Exercise description :: Nothing but the lines below from the one that contains "Купить Часы каминные" through the one that contains "国际电工接地宝免接地线10A" should be retyped, exactly and including both ends. Do not include pictures.

Listed records ::
----------

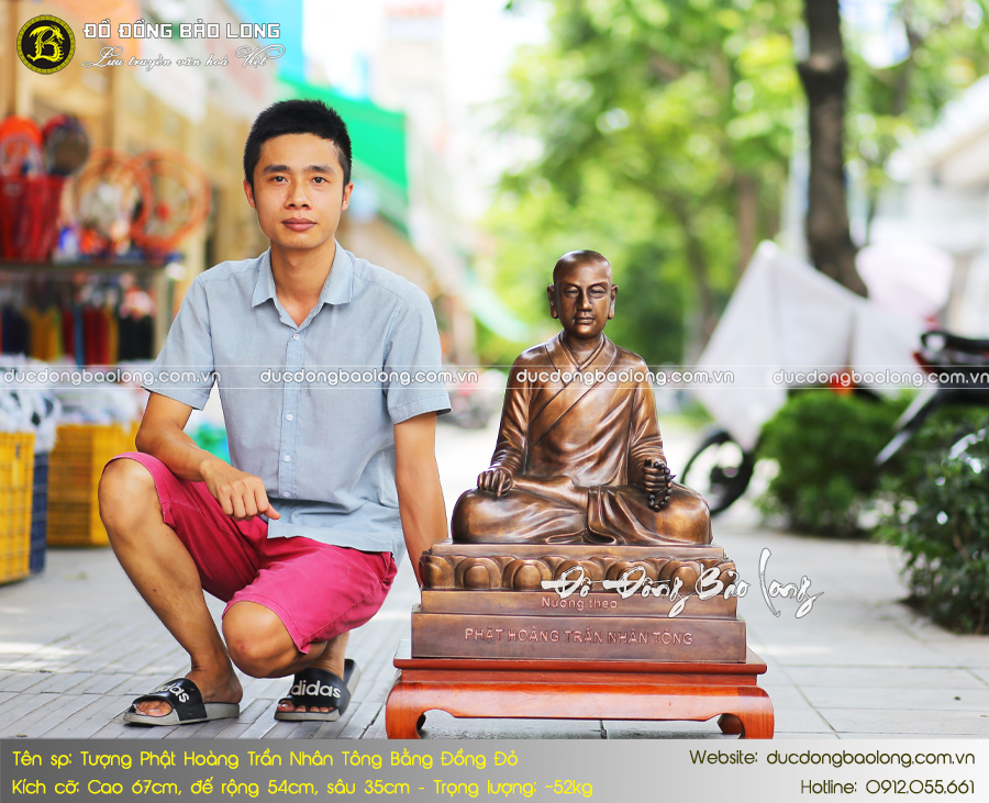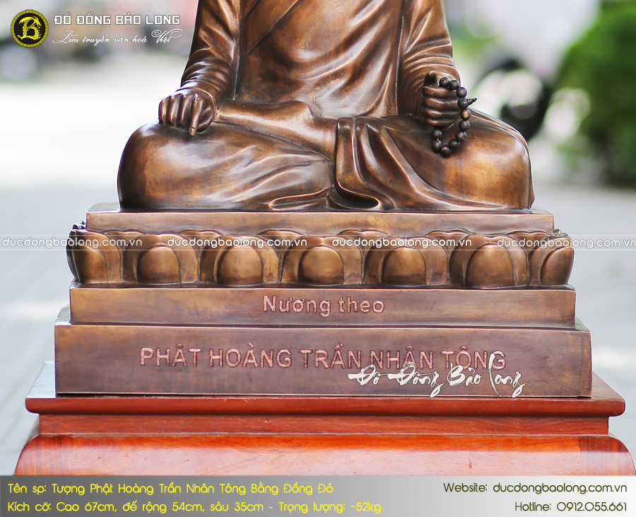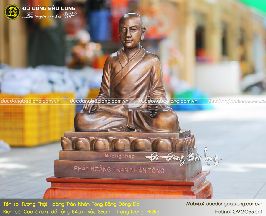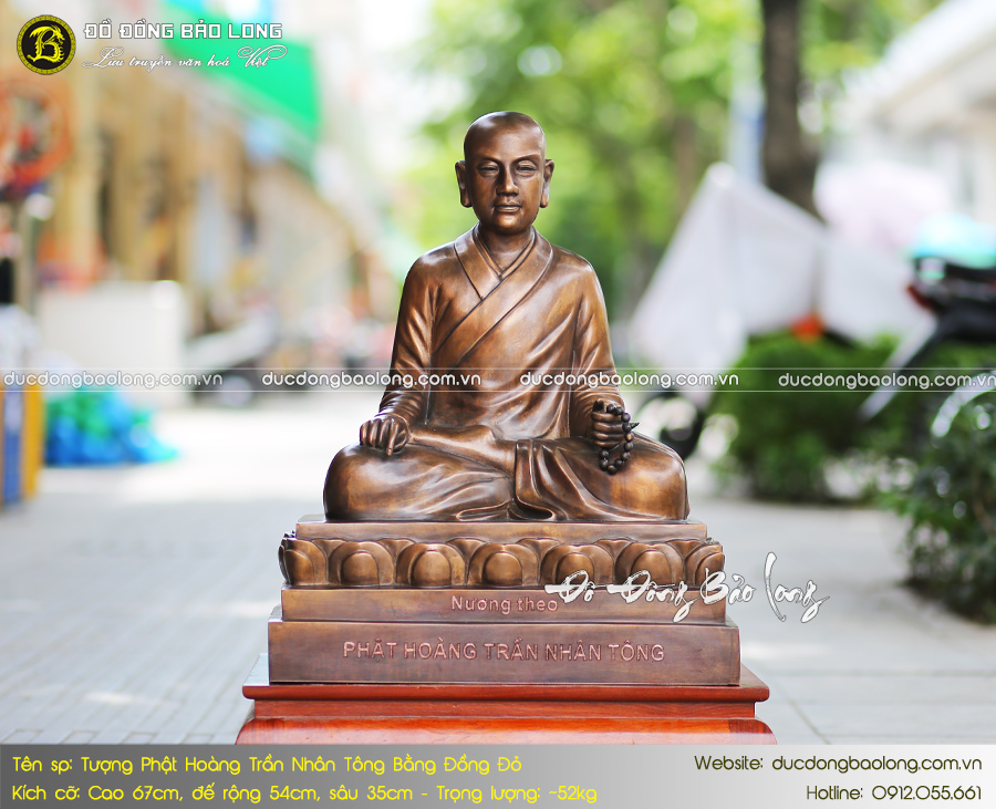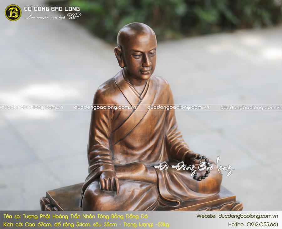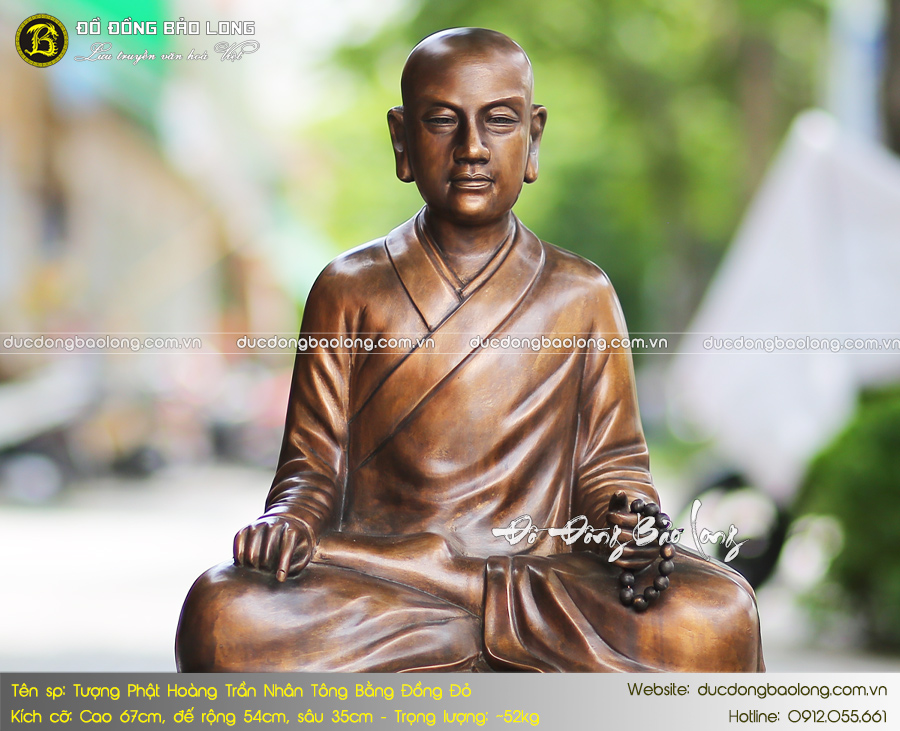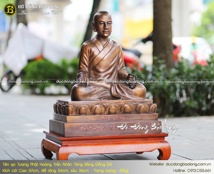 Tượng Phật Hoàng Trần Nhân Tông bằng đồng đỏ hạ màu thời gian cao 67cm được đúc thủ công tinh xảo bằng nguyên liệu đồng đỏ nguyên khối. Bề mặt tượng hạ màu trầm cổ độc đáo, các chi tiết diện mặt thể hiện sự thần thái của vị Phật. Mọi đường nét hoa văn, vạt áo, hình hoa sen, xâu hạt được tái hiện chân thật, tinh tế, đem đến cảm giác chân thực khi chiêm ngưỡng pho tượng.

----------

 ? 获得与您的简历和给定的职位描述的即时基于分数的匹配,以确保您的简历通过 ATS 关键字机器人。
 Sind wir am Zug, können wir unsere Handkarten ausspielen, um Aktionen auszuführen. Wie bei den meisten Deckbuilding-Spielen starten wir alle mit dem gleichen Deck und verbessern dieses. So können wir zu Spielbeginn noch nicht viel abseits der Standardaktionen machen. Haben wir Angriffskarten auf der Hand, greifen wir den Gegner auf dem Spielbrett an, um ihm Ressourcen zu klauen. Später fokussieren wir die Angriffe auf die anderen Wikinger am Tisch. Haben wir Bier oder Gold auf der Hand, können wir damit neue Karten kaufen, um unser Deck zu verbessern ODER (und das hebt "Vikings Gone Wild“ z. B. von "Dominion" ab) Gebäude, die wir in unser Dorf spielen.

----------

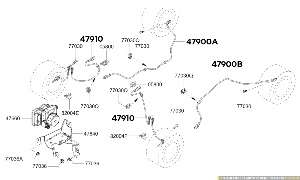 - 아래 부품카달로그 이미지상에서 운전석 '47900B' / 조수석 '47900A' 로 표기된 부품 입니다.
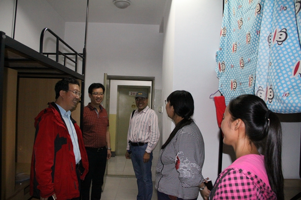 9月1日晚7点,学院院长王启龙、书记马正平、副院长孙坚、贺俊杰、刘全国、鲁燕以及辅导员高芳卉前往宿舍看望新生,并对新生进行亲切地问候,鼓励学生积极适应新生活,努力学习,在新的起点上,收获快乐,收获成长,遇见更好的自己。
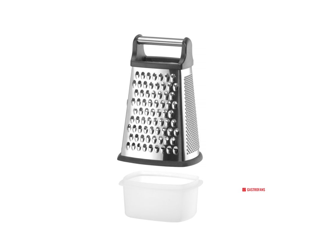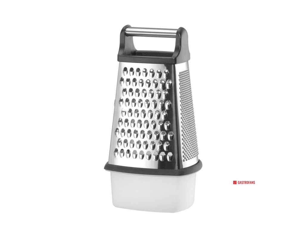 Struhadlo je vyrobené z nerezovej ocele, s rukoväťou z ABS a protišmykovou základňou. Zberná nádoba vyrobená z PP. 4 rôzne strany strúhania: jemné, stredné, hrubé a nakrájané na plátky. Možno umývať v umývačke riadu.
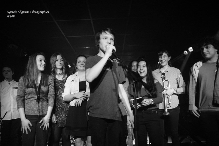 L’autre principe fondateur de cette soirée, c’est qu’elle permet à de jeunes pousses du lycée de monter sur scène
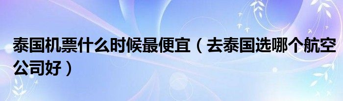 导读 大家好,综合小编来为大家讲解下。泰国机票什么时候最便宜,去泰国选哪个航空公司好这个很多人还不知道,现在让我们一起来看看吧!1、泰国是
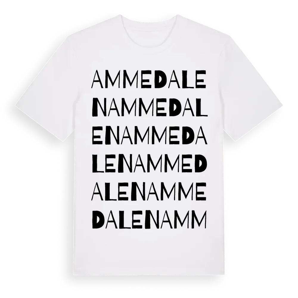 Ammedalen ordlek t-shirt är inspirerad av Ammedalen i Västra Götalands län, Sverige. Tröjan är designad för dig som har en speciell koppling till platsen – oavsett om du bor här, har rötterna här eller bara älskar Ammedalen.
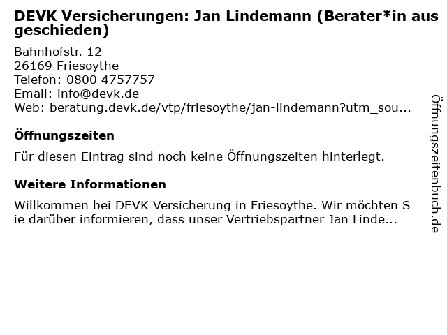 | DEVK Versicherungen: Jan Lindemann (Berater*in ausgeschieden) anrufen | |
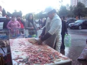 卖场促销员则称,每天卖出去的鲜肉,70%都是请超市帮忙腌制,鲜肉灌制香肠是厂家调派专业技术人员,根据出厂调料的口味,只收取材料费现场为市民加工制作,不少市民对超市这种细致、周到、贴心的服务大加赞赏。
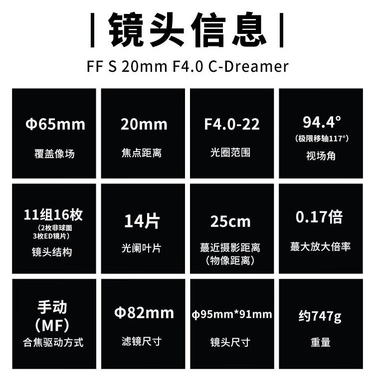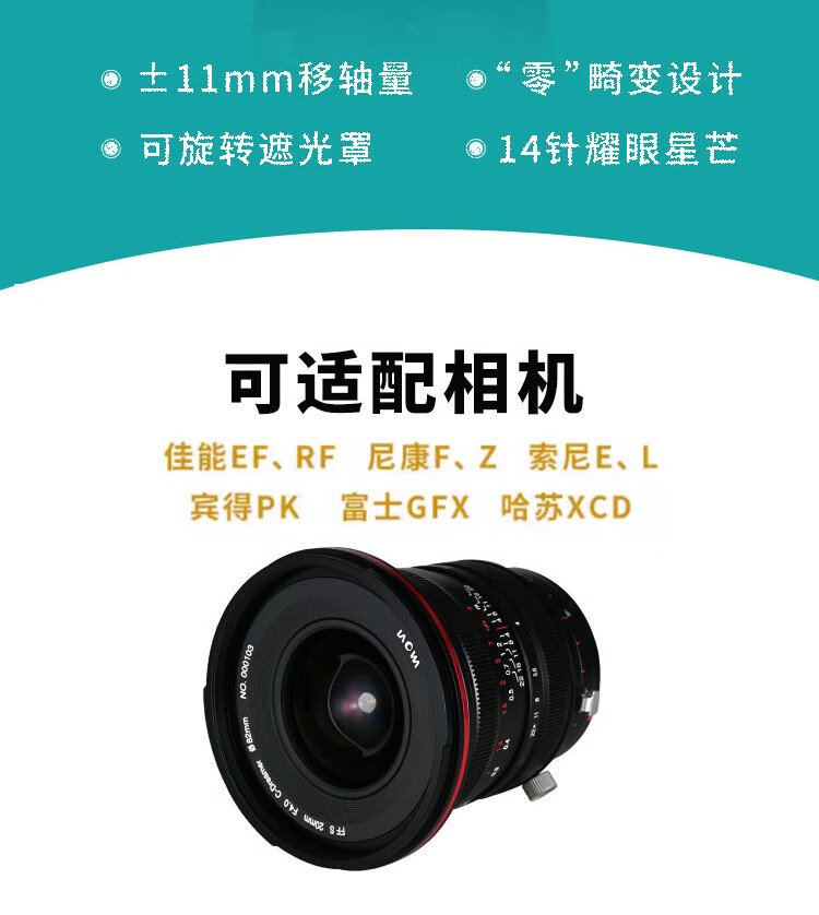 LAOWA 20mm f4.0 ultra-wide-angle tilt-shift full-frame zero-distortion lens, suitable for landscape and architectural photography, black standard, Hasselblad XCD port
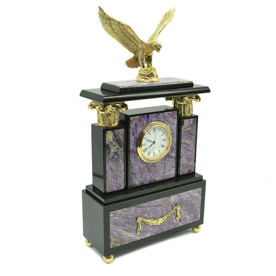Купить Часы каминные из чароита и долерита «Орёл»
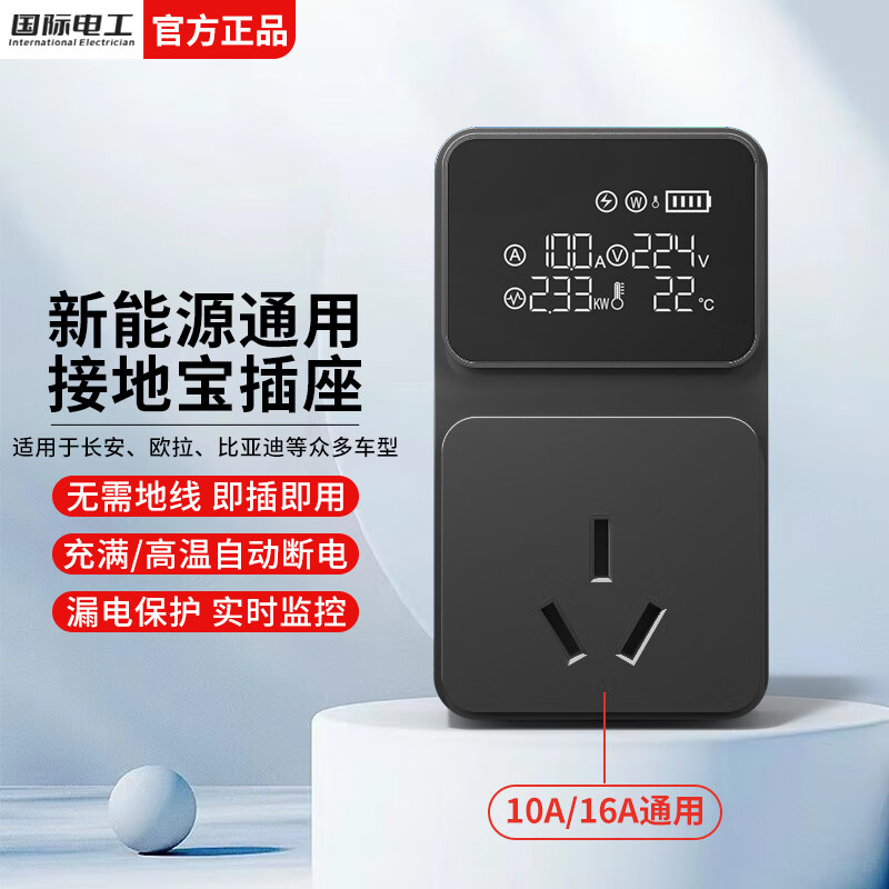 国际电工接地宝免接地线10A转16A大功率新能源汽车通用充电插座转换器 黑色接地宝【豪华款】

----------

Answer section ::
Купить Часы каминные из чароита и долерита «Орёл»
 国际电工接地宝免接地线10A转16A大功率新能源汽车通用充电插座转换器 黑色接地宝【豪华款】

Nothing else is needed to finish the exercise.